Daisy fleabane, a native plant of North America, was inadvertently introduced to Korea in the 1990s and is found in Hongcheon County also. A strange spot on its leaf was found in daisy fleabanes in June 2011. This was tested in the laboratory and found to be caused by a pest identified as Septoria erigerontis.

==Rice cultivation==
The dominant crop grown in the country is called the Sura rice. The county, with its widely varying temperatures between day and night times, and with clean and un polluted water, provides an ideal environmental condition ideal to grow this crop which is considered to be of very high quality with cooked rice retaining its taste for much longer than other species of rice. It is grown in 38% of the land under cultivation in the county.
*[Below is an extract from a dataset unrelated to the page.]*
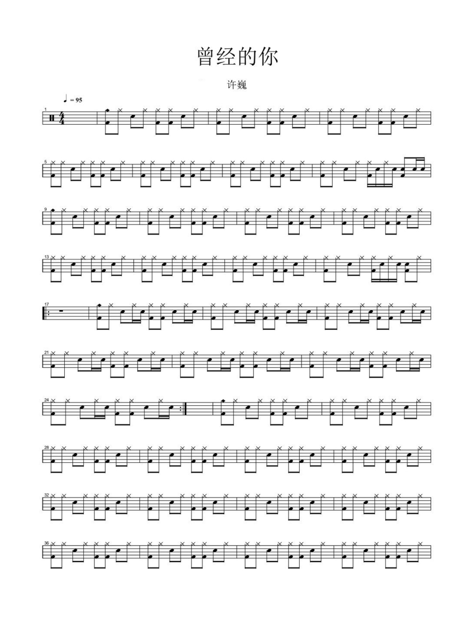 曲谱介绍: 曾经的你(鼓谱)-许巍

It is also disease resistant and can be stored for a long time.

==Culture==
The county is noted for its beef production with its climatic conditions favorable for raising male calves (bred by artificial insemination) which are bred for their exquisite flavor and texture. They are fed alcohol-fermented feed which is reported to reduce the cholesterol content and give flavor to the beef. The calves are raised for minimum of 27 months.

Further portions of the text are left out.